Mtn. farms in Maine are smaller - I think you'd find them cheaper, & if you look at a map of ME, you'll see that water isn't generally a problem, but perhaps you don't consider the east ?
I think people forget that, while winters are indeed long, cold, & snowy, the summers are absolutely heavenly (called Vacationland) & don't require AC, and the summer days are very long for decent growing.
Oh, and no crime !! Always room for a good mechanic too.
Oh, forgot to say, hay is $3 - $5 (or less ?) for square bales.


----------



## r93000 (Mar 9, 2009)

joejeep92 said:


> I have lots of family in the Ozarks. Do like the country. I would really like to have a well but I know that is not always an option...and no road maintenance is fine by me. That is what I deal with out here. I plow, grade and gravel


Its not the road maintenance, per se, its the restrictions and closures. Privately maintained roads are actually easier, because you can take care of it yourself. Some state and county roads have restricted plow times because they lose plows over the side of the mountain. They don't plow them during low visibility or EVER while it is dark. You can't really plow them yourself because of the same danger of going over the edge. They have markers, but even in daylight it can be hard to tell where they are depending on how much snow is already down.

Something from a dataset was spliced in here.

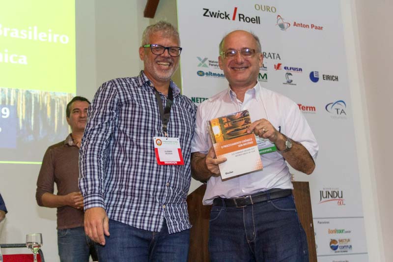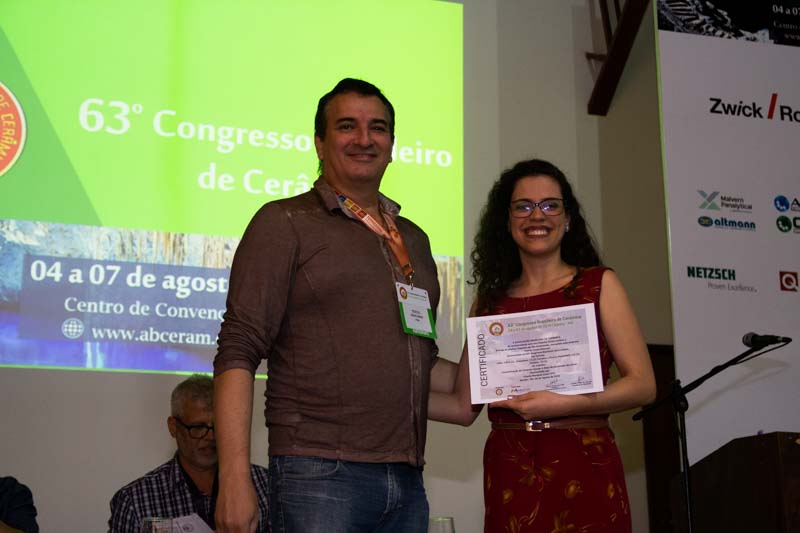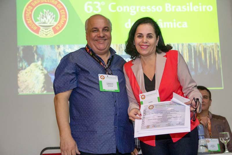 Participaram da mesa o Presidente da ABCERAM, Antonio Carlos de Camargo, Presidente do 63º Congresso Brasileiro de Cerâmica, Ulisses Soares do Prado e o Prof. Tércio Graciano Machado, do Instituto Federal da Bahia – IFBA. Na ocasião foram divulgados os trabalhos premiados (foto: 46) e também sorteados aos associados o livro O Processamento Cerâmico sem Mistério do Prof. Luiz Fernando Grespan Setz e uma Moringa oferecido pelo ateliê UDU Cerâmica Artesanal da Cidade de Bonito/MS.

Depending on your employer this may or may not be a problem. For me, generally its not a big deal. I teach school, so if the road is closed we either have a 2hr delay to allow plows to run and reopen or school is closed for the day. If it closes while we are at school, I'm out of luck anyway because 1/4 of my kiddos can't leave either  For dh, road closure is not an acceptable reason to be absent. There has to be someone at his post, so if he doesn't get there someone else has to stay over until a live body arrives. We had to pass up some amazing properties because of little yellow and black signs.


----------



## r93000 (Mar 9, 2009)

I just wanted to offer up a bit of information for our portion of the mountains. Its always nice to get a bit of an inside scoop when trying to decide where to move.

I can't address the east, because I have never lived there. I can say that the "feel" of the Ozarks versus our portion of the Rockies is very different.

I will add, if we were able to choose mountains anywhere in the US, we would head north. Way north. Alaska north. Just not an employment option for us at this time, but definitely something a mechanic could consider...


----------



## joejeep92 (Oct 11, 2010)

By feel what are you referring to? Well I would love to live in Alaska but the little lady wants somewhere warmer than that...I had to beg for the mountains haha


----------



## r93000 (Mar 9, 2009)

Its a bit hard to explain without sounding obnoxious, which is not my intent. Let me preface by saying that dh and I both grew up in the MO Ozarks and both of our extended families live there. We visit regularly. This is only my interpretation of it and I am sure that others feel differently. Please no :flame:

When we first moved here, I asked about the differences that I felt and noticed. The way a native Coloradan explained it to me was like this:
"You're used to southern hospitality, and we're westerners. We're more independent."

I wouldn't really say where we are is more liberal in a classic sense, but more of the ignore what the neighbors are doing and live your own life. In the Ozarks, I found it to be more of the neighbors are going to share their opinions to you and/or others in town. 

For example:
We have lived in our new house for 3 months, and have not met a single neighbor other than to wave in passing. We lived in our previous house in this county for 9 months, and only met neighbors by going and introducing ourselves. In the Ozarks, when we moved to a new house in a new county, you could count on at least three or four neighbors stopping by to introduce themselves, and check you out, within the first week.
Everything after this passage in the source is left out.